The Opposition accused the government of planning, even conspiring, to change the name of the republic for political purposes. It was BJP’s ploy to upend their multiparty alliance, with its telling acronym I.N.D.I.A (with no full stop at the end). But to disambiguate this unseemly, even unnecessary, quarrel, we have to look no further than the Constitution of India: “India, that is, Bharat, shall be a Union of States.” Therefore, to the question which of the two names, India or Bharat, is valid, the simple and most direct response would be both.

But no tussle over a country’s nomenclature is that simple, is it? Because deeper questions of identity are involved.
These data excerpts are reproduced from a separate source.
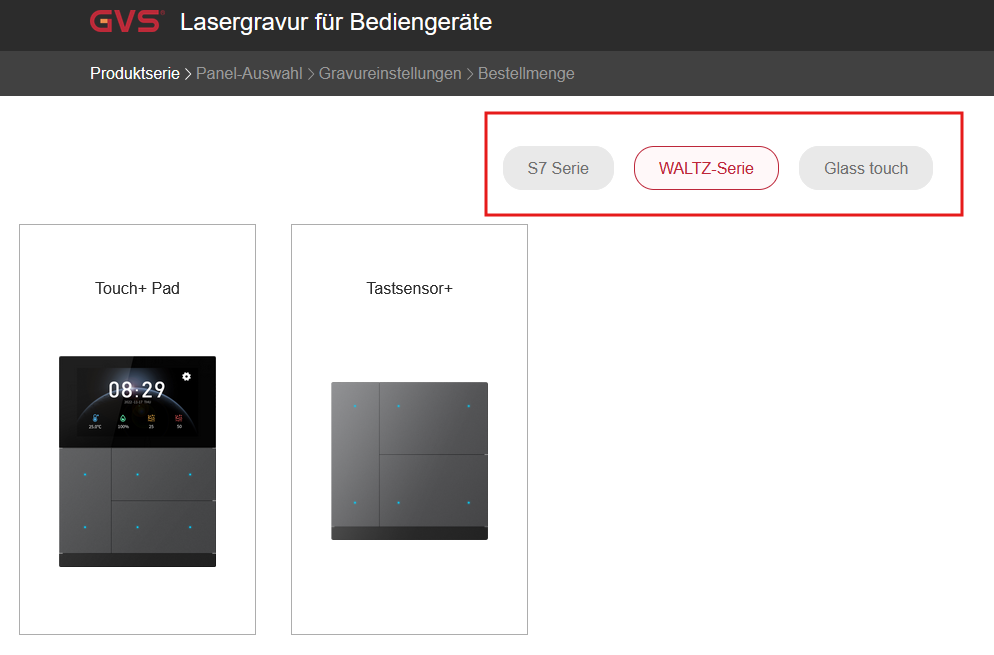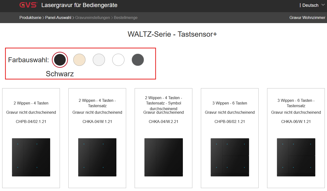Wähle über das obere Menü, welche Taster Serie du individualisieren möchtest und bestimme im Anschluss die korrekte Farbe sowie das genaue Modell.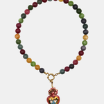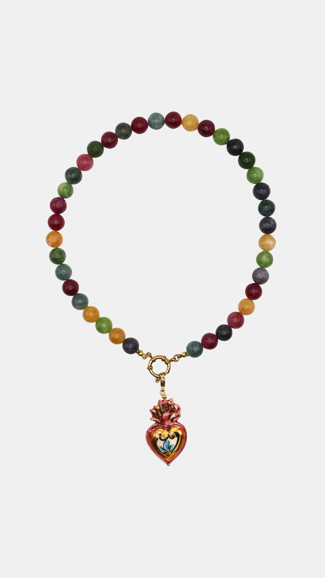 Collar de piedra natural turmalina engarzado a mano con cierre marinero, acompañado de charm de cerámica en forma de sagrado corazón. Mide 42,5 cm.
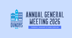 NOTICE OF 2026 ANNUAL GENERAL MEETING – DUNDAS BIA 🗓️ Date: Tuesday January 27 2026⏰ Time: 830am📍 Location: Collins Brewhouse, 33 King Street West, Dundas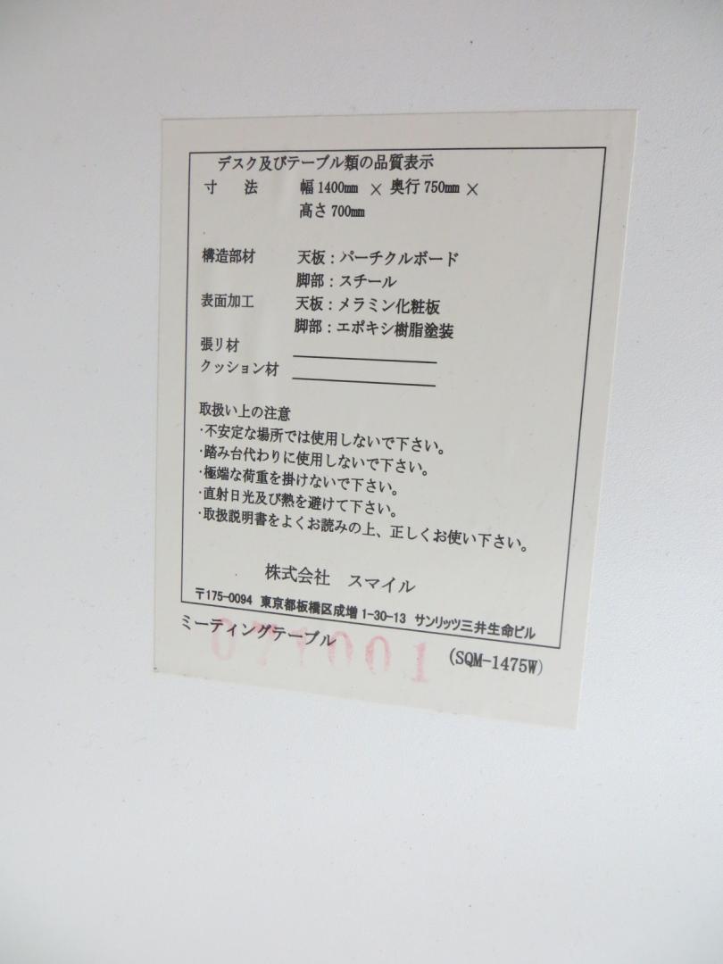 【中古】 SQM-1475W ミーティングテーブル(会議机) 161053
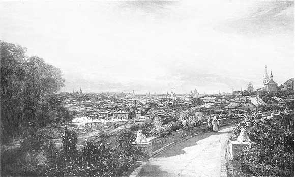 А. П. Боголюбов. Вид Москвы от дома Хлудова (впоследствии Найденовых). На первом плане – пандус, поднимающийся к невидимому главному дому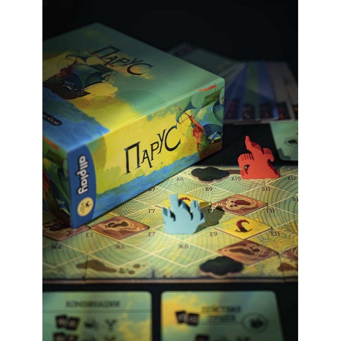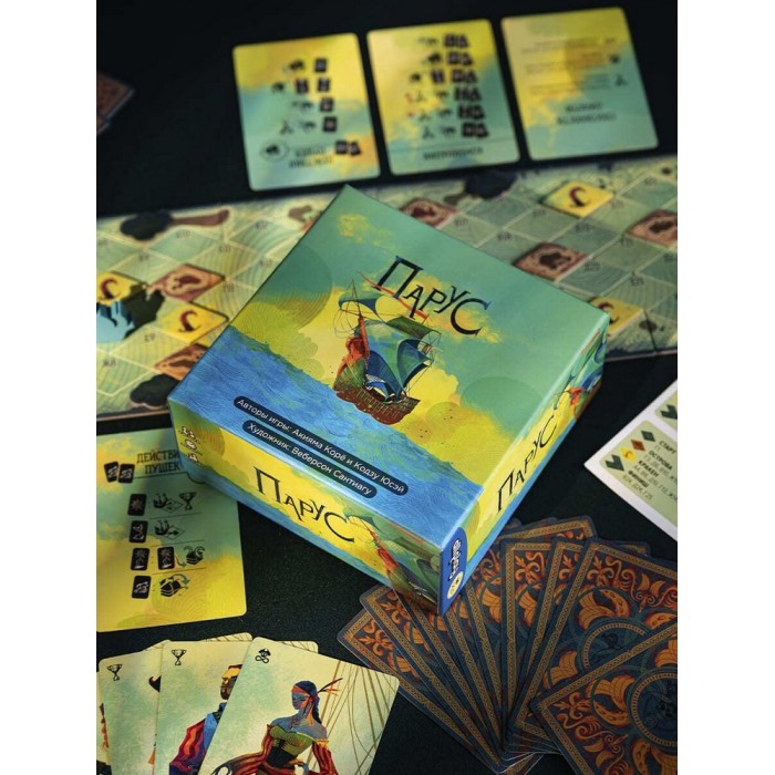 «Парус» — это кооперативная игра на взятки для двоих. Звучит как оксюморон? В этом и суть. Здесь важно не просто выигрывать взятки — важно чередовать победы и поражения в нужном ритме, чтобы двигать корабль, избегать штормов и не разбудить Кракена.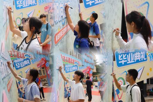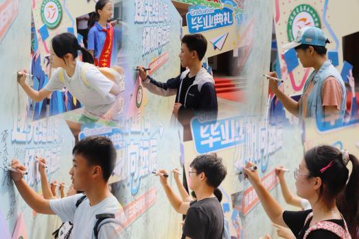 签名墙前,人头攒动,热闹非凡。毕业生们怀揣着激动与不舍,在墙上郑重地签下自己的名字,一笔一划,镌刻下三年的青春时光,我们用镜头定格下这难忘的瞬间,这些瞬间,如同一颗颗晶莹的珍珠,串联起三年的点点滴滴,成为青春最珍贵的印记。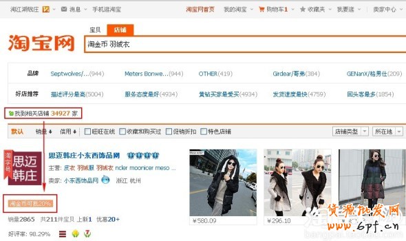 買家打開(kāi)淘寶主頁(yè),在搜索框選擇店鋪選項(xiàng),輸入淘金幣+關(guān)鍵詞,比如“淘金幣 羽絨衣”,點(diǎn)擊搜索,就可以把所有支持使用淘金幣抵錢的賣羽絨衣的店鋪搜索出來(lái)啦,點(diǎn)此體驗(yàn)一下: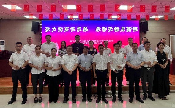 8月28日上午,喀什经济开发区金融贸易区举办2025上半年招商工作总结会暨招商先进集体及个人表彰大会,城东中心全体党员职工及各楼宇大厦负责人、商协会负责人、企业家代表等70余人参加会议。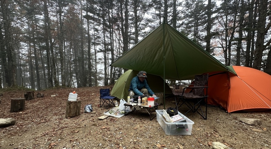 前日は千葉からやってくる山友を甲府駅でピックアップして、大弛峠へ。 夕焼けは分刻みで染まってゆく、遠い山並みも、手前の紅葉した木々も赤みを帯びて変化していった 感動しまくりの夕焼けだった 朝、天候の様子をみながら出発した 紅葉は今一つだったけど朝日岳から見た富士山に感動した

For instance, let’s reverse the colonial gaze: what if the United Kingdom were to be renamed vilayet — because millions of sub-continentals call it that? Would anyone agree to the change? No. Then why should Bharat retain the colonially imposed name India? But what we call the United Kingdom today is known by more than one name. Britain, for instance, is used almost interchangeably. Even England, though the Welsh, Scots, and the Irish might resent it. Moreover, the UK wasn’t conquered or ruled by Indians; therefore the analogy, arguably, is inappropriate.

Why India wasn’t a colonial invention

But, again, India was not merely a colonial invention or imposition. It is as old as the Greeks, who called the subcontinent Indike. India was its Latin version. Both names came from the river Indus, or Sindhu, in Sanskrit. Ancient Chinese travellers called the country Indu or Indo, which is still the East Asian name for the country. Therefore, names such as Sindhu, Hindu, Indu, or India are not new or recent but thousands of years old. In fact, the other common name for the country, Hindustan, is derived from the same etymology, though it became standard during the period of Muslim rule in India. Even so, it referred to the northern part of the land, while the large peninsula South of the Vindhyas was called Deccan from the Sanskrit Dakshin, which means South.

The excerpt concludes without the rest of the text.